Output the data below exactly, images excluded.
Segment Start: Information shown
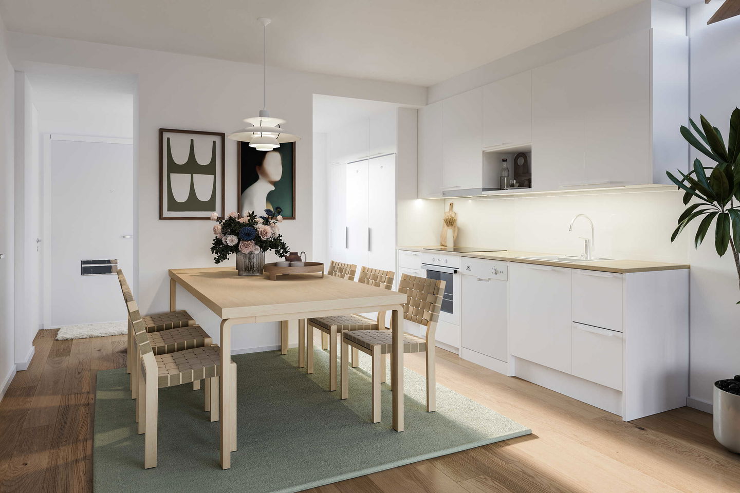 Keittiön varusteisiin kuuluu kaksi kylmälaitetta, keraaminen liesi sekä astianpesukone. Keittiössä oleva ikkuna tuo tilaan luonnonvaloa.
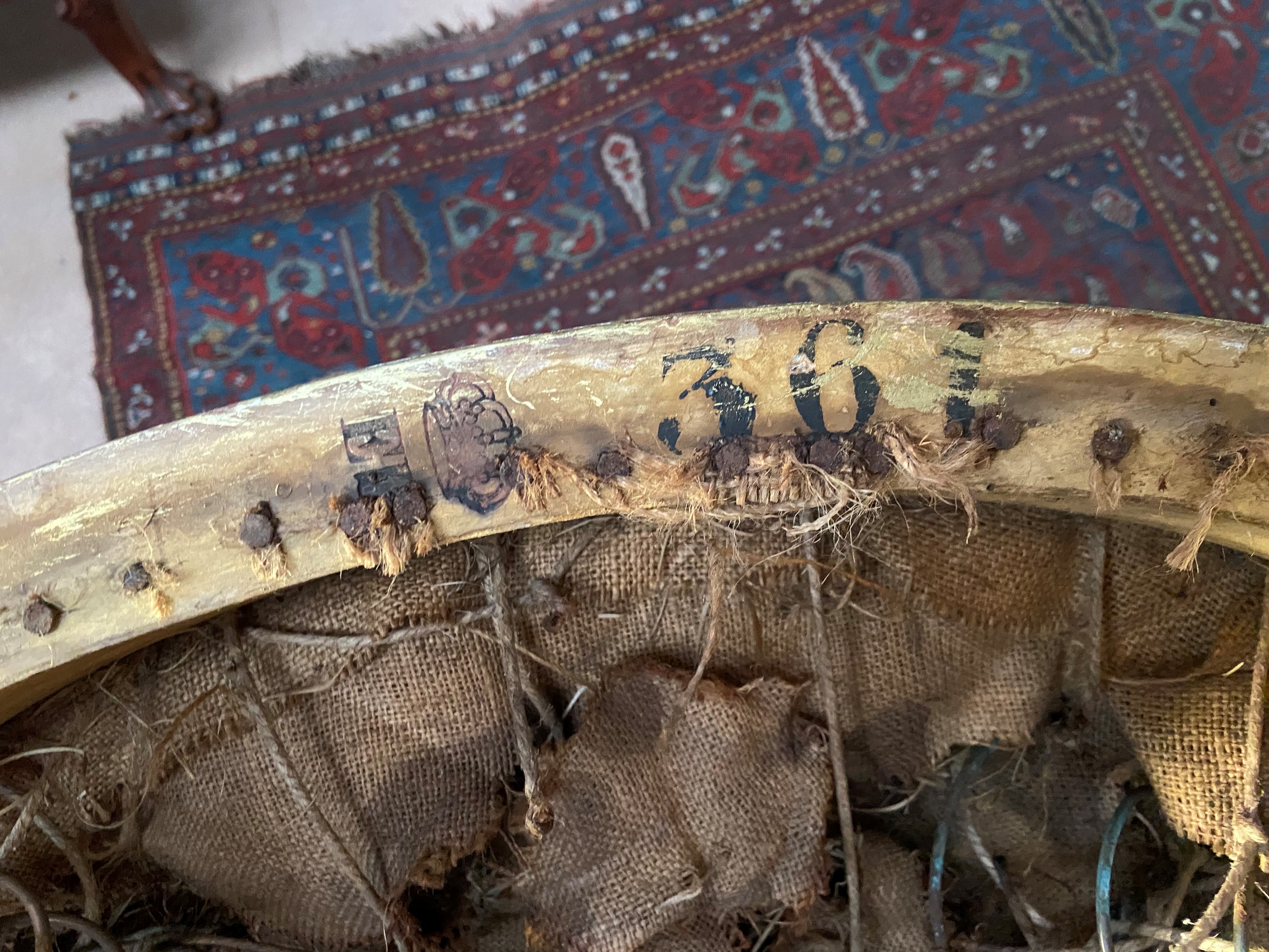 Ces marques historiques correspondent parfaitement à l'estampille qui y apposée sur ce siège d'apparat: "JACOB D. RUE MESLEE". Elle correspond à celle utilisée lors de l'association de Georges Jacob et de son fils François-Honoré-Georges Jacob-Desmalter entre 1803-1813. Les conditions kafkaïennes d'ouverture partielles des Archives nationales depuis leur réouverture le 7 décembre dernier ne nous ont malheureusement pas permis d'identifier le numéro dans les inventaires. Gageons qu'à la ligne 361 figure un ou plusieurs fauteuils comme celui-ci. En 2015 déjà nous retrouvions ainsi un tel fauteuil d'apparat dans la galerie du palais de l'Élysée pour l'usage de Napoléon.
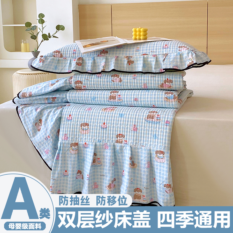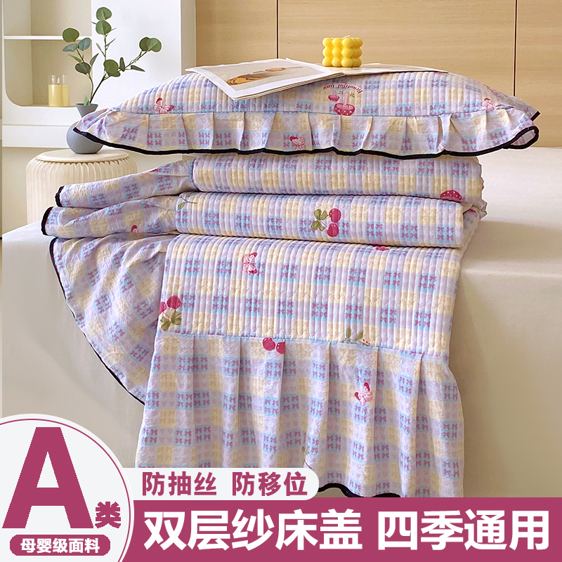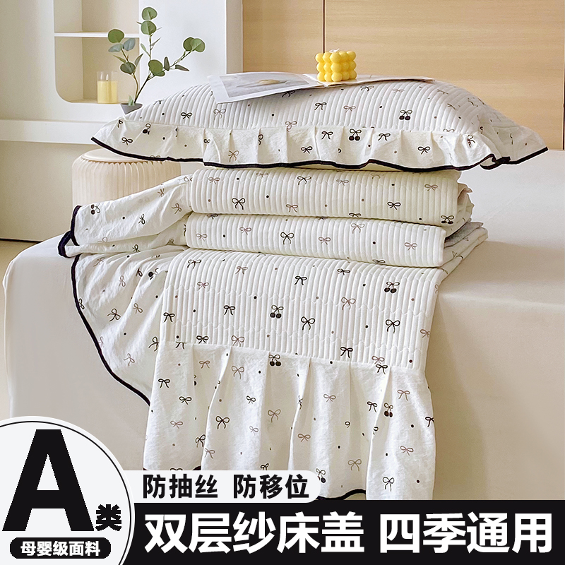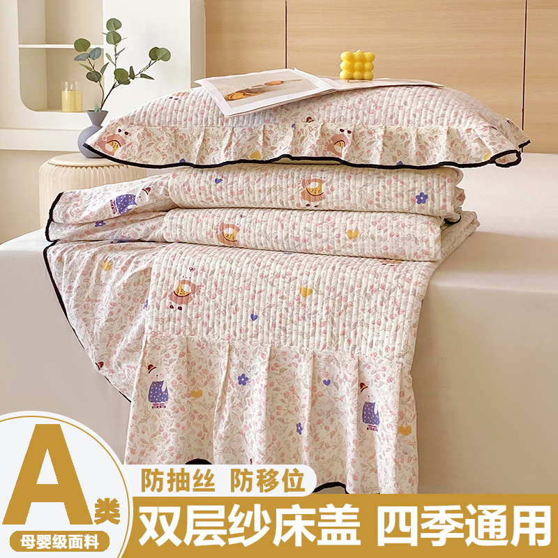 加厚双层纱夹棉花边床盖单件榻榻米绗缝床单铺炕盖三件套四季通用
Segment End: Information shown
Written response:
 Keittiön varusteisiin kuuluu kaksi kylmälaitetta, keraaminen liesi sekä astianpesukone. Keittiössä oleva ikkuna tuo tilaan luonnonvaloa.
 Ces marques historiques correspondent parfaitement à l'estampille qui y apposée sur ce siège d'apparat: "JACOB D. RUE MESLEE". Elle correspond à celle utilisée lors de l'association de Georges Jacob et de son fils François-Honoré-Georges Jacob-Desmalter entre 1803-1813. Les conditions kafkaïennes d'ouverture partielles des Archives nationales depuis leur réouverture le 7 décembre dernier ne nous ont malheureusement pas permis d'identifier le numéro dans les inventaires. Gageons qu'à la ligne 361 figure un ou plusieurs fauteuils comme celui-ci. En 2015 déjà nous retrouvions ainsi un tel fauteuil d'apparat dans la galerie du palais de l'Élysée pour l'usage de Napoléon.
 加厚双层纱夹棉花边床盖单件榻榻米绗缝床单铺炕盖三件套四季通用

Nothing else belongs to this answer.